Training data is the set of examples a model learns from — it's the model's entire education.
Labelled data has the correct answer attached to each example; unlabelled data does not.
A model's knowledge is bounded by its data — gaps in the data become blind spots in the model.

02Garbage in, garbage out

Here is the single most important idea about training data: "garbage in, garbage out." A model faithfully learns whatever is in its data — including the flaws. It will not notice that the data is biased, too small, or mislabelled and quietly fix it for you. It learns the problems right along with the patterns. Four things about the data shape what kind of model you end up with: its quality (how accurate and clean the examples are), its quantity (whether there are enough of them), its representativeness (whether it reflects the real situations the model will face), and the bias it carries (skews the model will learn and can even amplify). Toggle the data conditions below and watch the resulting model behaviour change.

InteractiveToggle the data conditions

Data condition

Add synthetic data

Mix in AI-generated examples (see Section 04).

Clean & representative data

Illustrative — shows the idea, not measured numbers

Garbage in, garbage out: a model learns the flaws in its data and won't fix them on its own.
Quality, quantity, representativeness, and bias in the data each shape what the model becomes.
Bias usually enters through the data — and a model can amplify a skew it was trained on.

03Where the examples come from: collecting, labelling & cleaning

Good training data rarely arrives ready to use — it gets collected, labelled, and cleaned first. Collection means gathering the raw examples: photos, text, recordings, records. Labelling (also called annotation) is the work of attaching the correct answer to each example — marking a photo as "cat", or tagging which part of a sentence is a name. A lot of this is done by people, one example at a time, which is slow and careful work; the model is only as trustworthy as those human judgments. For chat-style models there's a special kind of label: in RLHF — reinforcement learning from human feedback — people compare two model responses and mark which is better, and those preference judgments become the signal that shapes the model toward what humans actually want.

Before any of that data is used, teams clean it: they remove errors and noise, fix or drop broken examples, and deduplicate — strip out repeated copies. Deduplication matters more than it sounds: if the same example appears hundreds of times, the model treats it as far more common than it really is and over-learns it. Cleaning and dedup usually make a dataset smaller, but more accurate and more varied — which is exactly what makes a better model.

Labelling (annotation) attaches the correct answer to each example — often careful human work.
RLHF labels are human judgments of which response is better, used to align chat models with human preferences.
Cleaning and deduplication remove errors and repeated copies so the model learns from accurate, varied examples.

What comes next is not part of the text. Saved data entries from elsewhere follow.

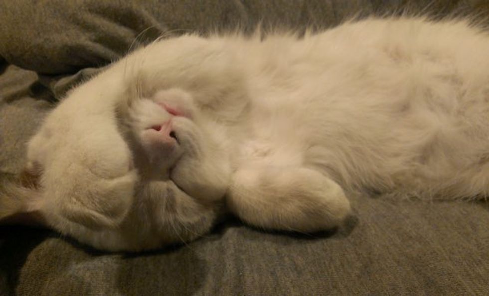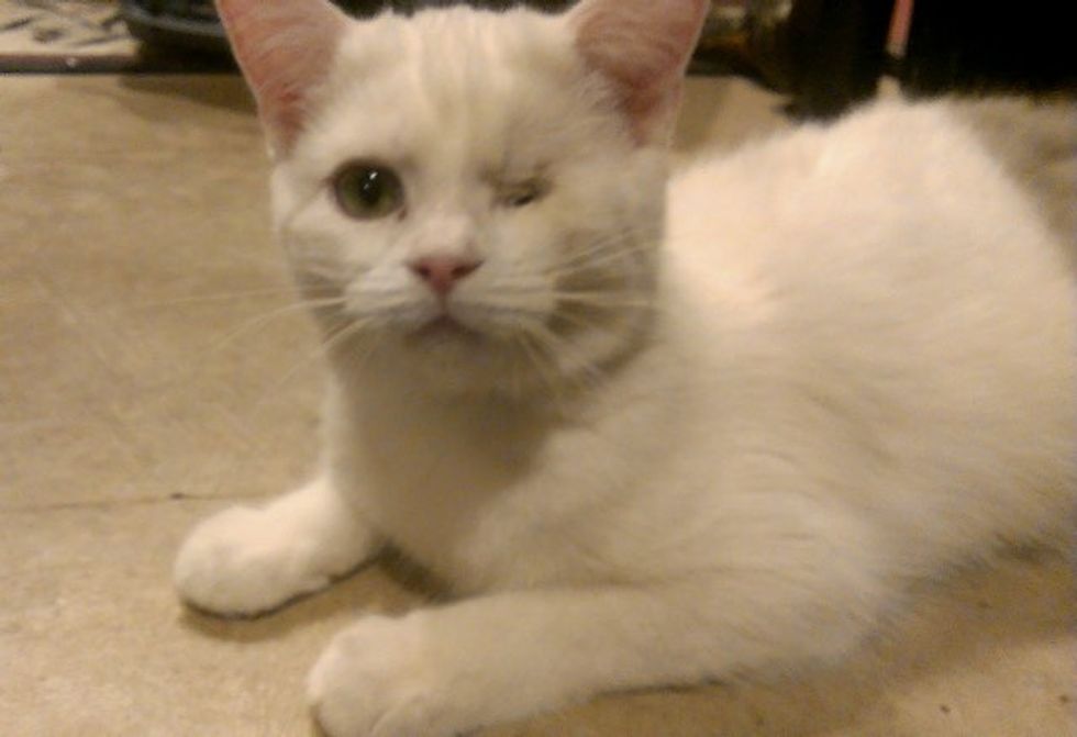 When the guy was getting cat litter for his other kitties, he spotted the one-eyed cat. "I didn't even see his missing eye at first. Just an affectionate boy sticking his paw out of the cage."
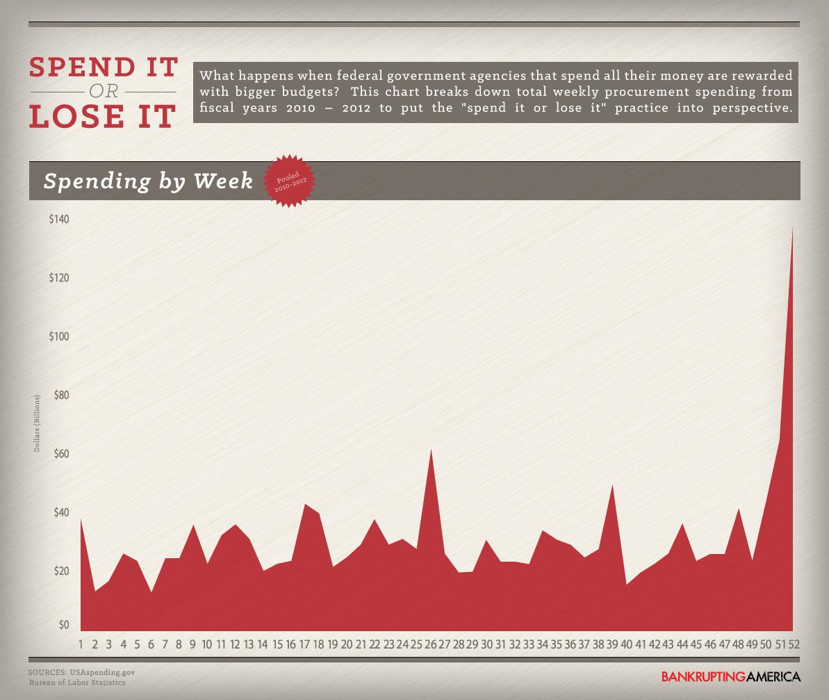 What happens when federal government agencies that spend all their money are rewarded with bigger budgets? This chart breaks down total weekly procurement spending from fiscal years 2010-2012 to put the "spend it or lose it" practice into perspective.
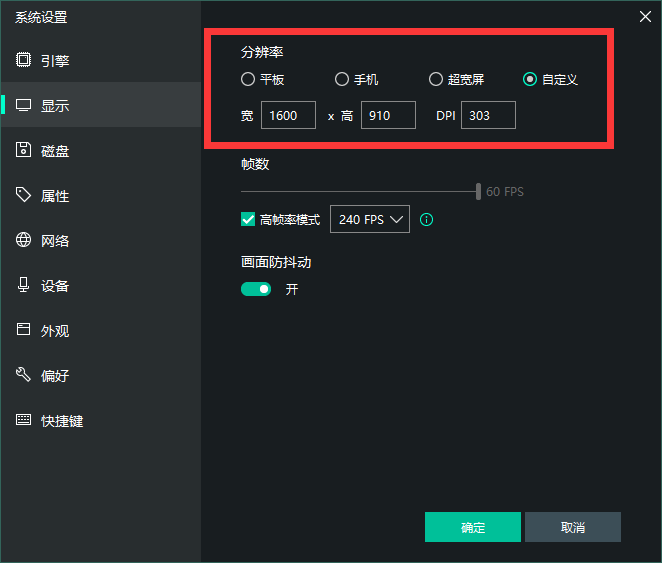 打開模擬器右側(cè)設(shè)置——顯示——分辨率自定義
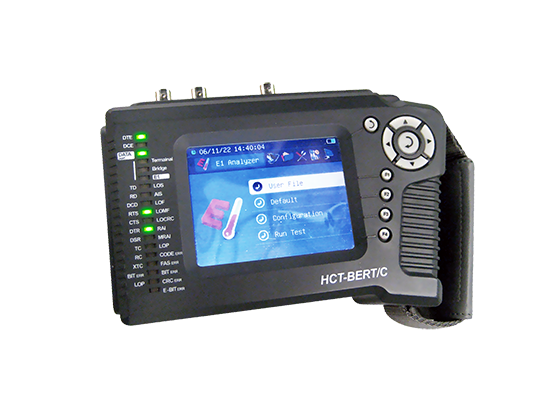 HCT-BERT/C 테스터는 데이터 통신((V.35, RS530, X.21, RS232) 및 E1(2.048Mbps) 라인)의 분석 및 유지 보수를 하는 현장 사용에 맞게 설계된 소형 컬러 LCD, 그래픽 사용자 인터페이스, 한손 E1비트 오류율 테스터입니다.
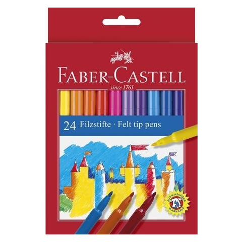 Filctoll készlet, Faber-Castell, 24 különböző szín/készlet Filctoll készlet, Faber-Castell, 24 különböző szín/készlet A Faber-Castell színes filctoll - kiválóan használhatóak papíron - kartonon és fa felületen egyaránt. - A filcek színei élénkek, a kiv
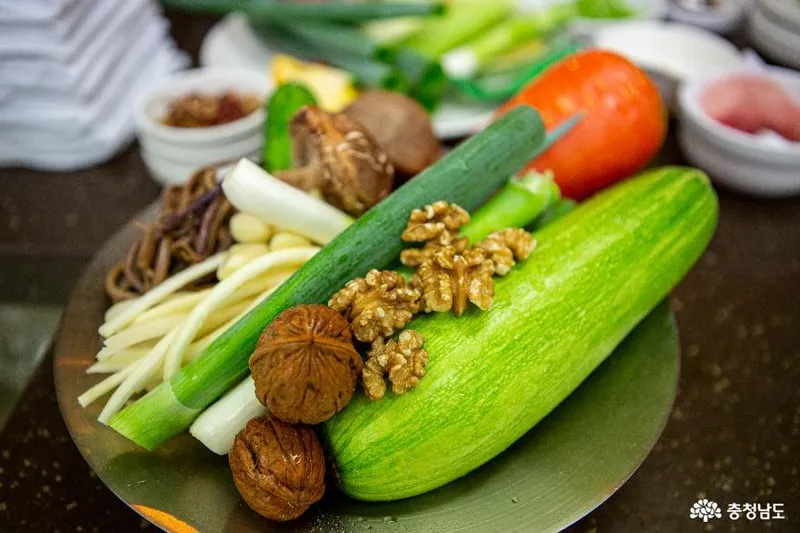 고영숙 조리기능장이 알려주는 색다른 추석 음식 재료는 천안 북면, 동면, 광덕면, 풍세면, 성환, 입장 등에서 재배되는 표고버섯과 새송이버섯, 병천면에서 재배되는 하늘그린 오이, 호두 시배지 광덕에서 나오는 호두 그리고 유기물 함량이 풍부한 천안흥타령쌀을 활용해 만드는 음식입니다.
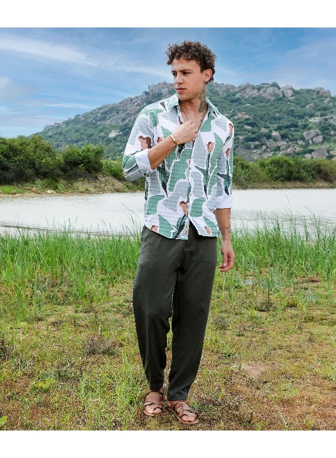 Instafab Plus Men's Brown Contrast-Botanics Imprint Shirt | Spread Collar , Long Cuffed Sleeves , Button Closure , Curved Hemline | Floral-Print Plain Polyester Blend For Street & Casual Wear
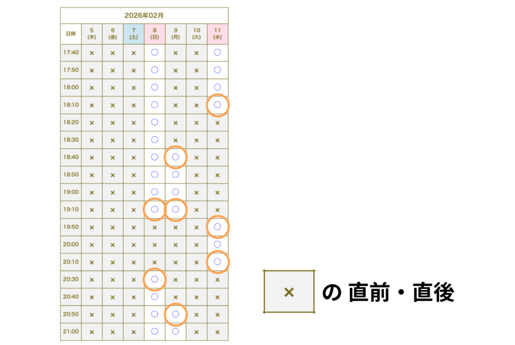 ご予約の際は、” 可能な範囲 ” で構いませんので、枠を詰めて(「×」の直前・直後の枠を選んで)ご予約いただけますと嬉しいです。
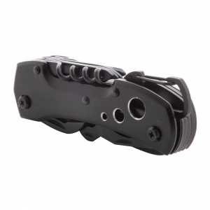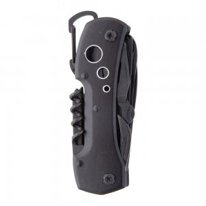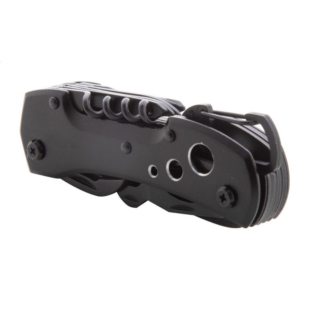 Artikel-Nr: AND808106-10Komplett schwarzes Edelstahl-Taschenmesser mit 13 Funktionen, Aluminium-Griffen und Karabiner.
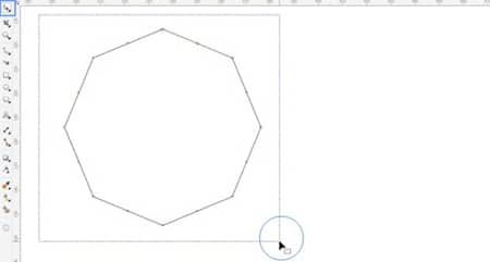 Na pierwszy rzut oka nie będzie widoczna żadna zmiana. Jednak po kliknięciu jednego z węzłów lub ścieżek za pomocą narzędzia Kształt i przeciągnięciu wskaźnika do środka lub na zewnątrz można zauważyć, że boki wielokąta są krzywymi. Dzięki temu można tworzyć różnorodne kształty. Spójrzmy:
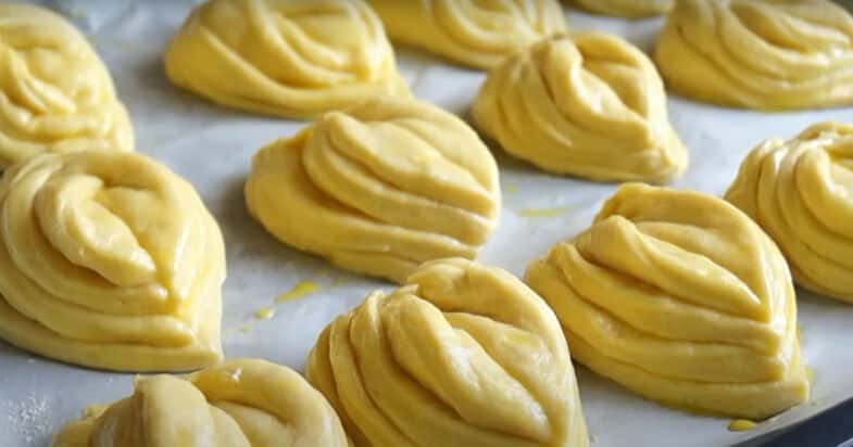 Викладаю на форму застелену пергаментом. Змащую сумішшю жовтка і молока. Випікаю при 180 градусів близько 20 хвилин
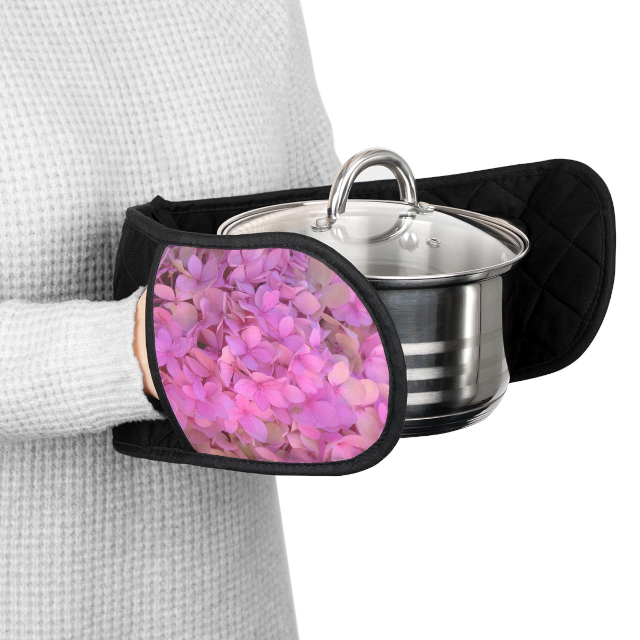 These Pink Hydrangea Chic Floral Oven Mitts are perfect for home cooks and chefs. The heat-insulated material will protect your hands from hot objects while the lightweight and soft fabric ensures comfort. With a hanging loop for easy storage, these mitts are both functional and stylish, adding a touch of floral elegance to your kitchen. Ideal for those who love to cook and bake, these oven mitts are perfect for everyday use or as a thoughtful gift for a special occasion, Holiday Gift, Birthday, Mother's Day and more!
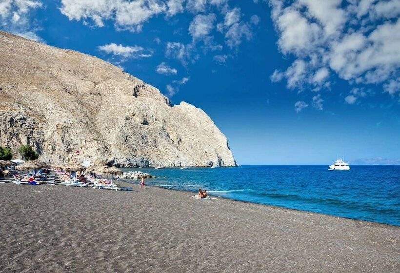 Spiridoula Villa is located near Perissa Black Sand Beach on Santorini Island. This accommodation offers a convenient and picturesque setting for guests looking to enjoy the stunning beaches and unique landscapes of Santorini. The villa provides a comfortable stay, making it an ideal choice for travelers seeking relaxation and exploration in this beautiful Greek destination.
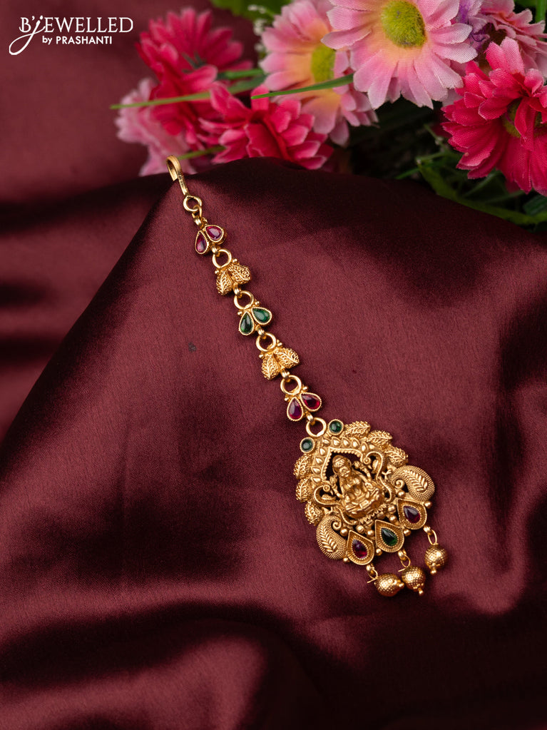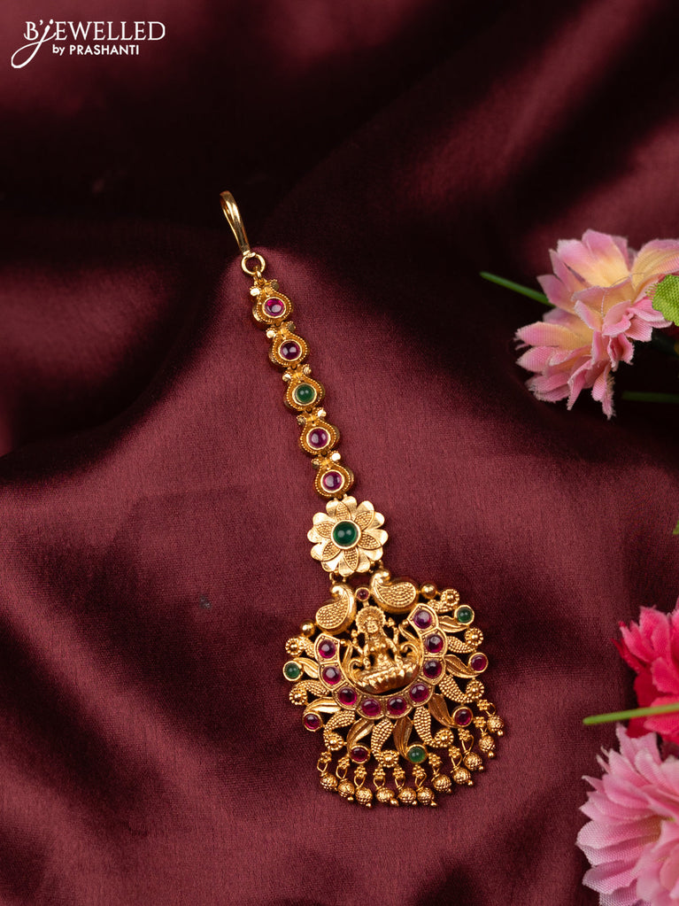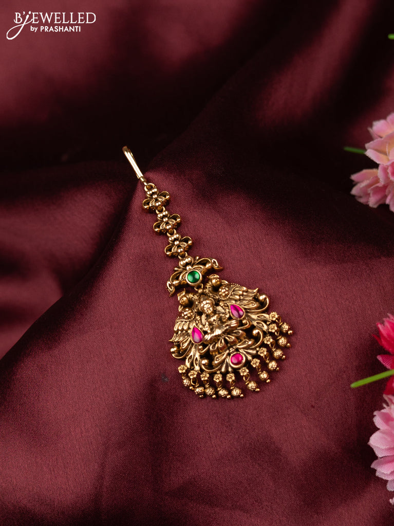 Antique maang tikka lakshmi design with kemp and golden beads hangings
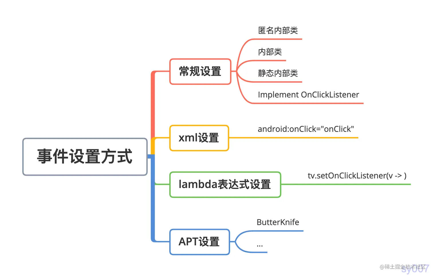 既然思路有了,接下来我们分析下Android中有哪些方式设置点击事件,以及每种方式的应该怎么处理。毕竟Android中可不止 setOnClickListener(new OnClickListener(){});这一种设置点击事件的方式。这里以View设置onClick事件举例。
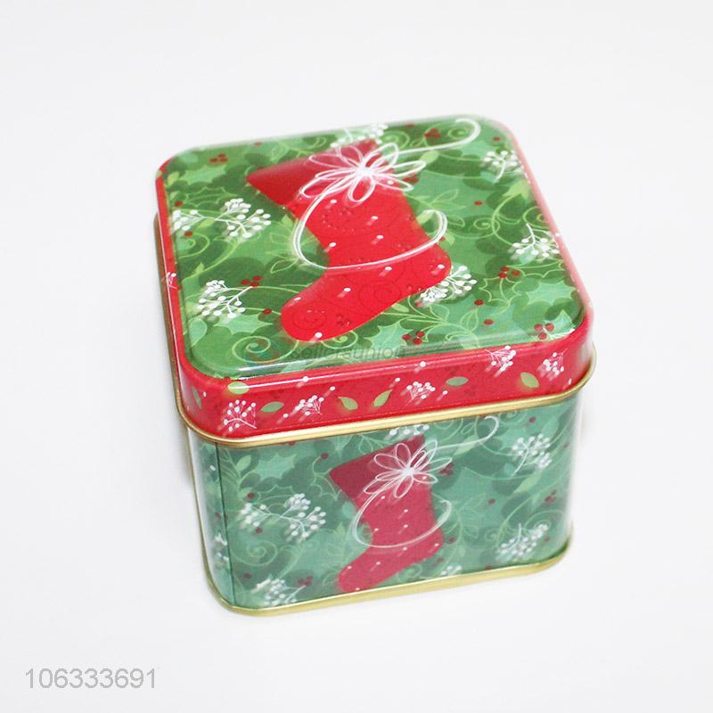 Superior quality Christmas stocking printed square iron cans
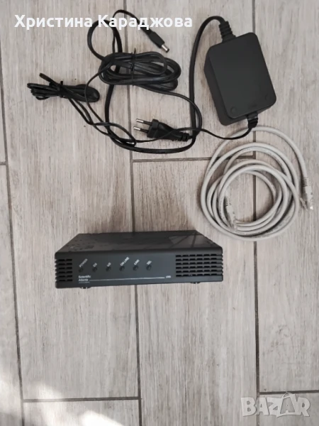 Кабелен модем за интернет с два порта. Има и свързващи кабел и адаптор към модема. Също така диск с упътване.
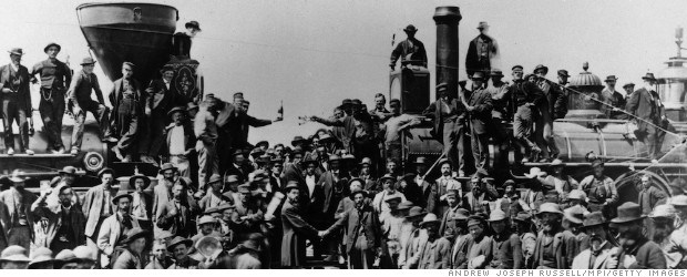 Connecting East with West via locomotive, a symbol of American ambition and accomplishment.
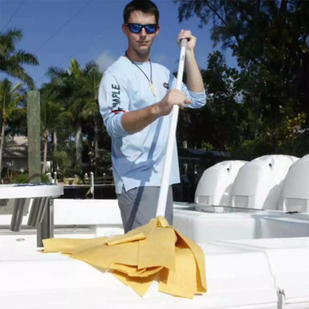 Shurhold Water Sprite Mop With Wooden Handle. The World’s Best Water Sprite Mop…on a stick. The same quality Water Sprite Mop on a high quality bamboo handle finished with a durable and smooth enamel paint. Better yet, they naturally float if dropped into water, so you won’t easily lose them overboard. The best wood handle mop you can buy. This deck mop and handle come as one piece, so it is not compatible with other Shurhold handles. Made in USA.

04Synthetic data: when AI makes its own fuel

Real-world data can be expensive, scarce, or sensitive — so teams increasingly use synthetic data: examples generated by AI rather than collected from the real world. It's appealing for a few clear reasons. Privacy — generated records can stand in for sensitive real data about people. Scarcity and edge cases — you can manufacture examples of rare situations that almost never show up in real data. And cost — generating examples can be cheaper than collecting and hand-labelling real ones.

But synthetic data carries real risks, and the headline one is model collapse. If models are trained on too much AI-generated output — output that itself came from AI — small errors compound across each generation. The model loses variety, forgets the rare cases, and slowly drifts away from reality, like a photocopy of a photocopy of a photocopy. A second risk is amplified bias: if the model generating the synthetic data is skewed, every example it produces inherits and concentrates that skew. Synthetic data is a powerful tool, but it works best alongside real data, not as a replacement for it.

Synthetic data is AI-generated training data, used for privacy, scarcity/edge cases, and cost.
Model collapse: training on too much AI output degrades a model — it loses variety and drifts from reality.
Synthetic data can amplify bias from the model that generated it; it's best used to complement real data.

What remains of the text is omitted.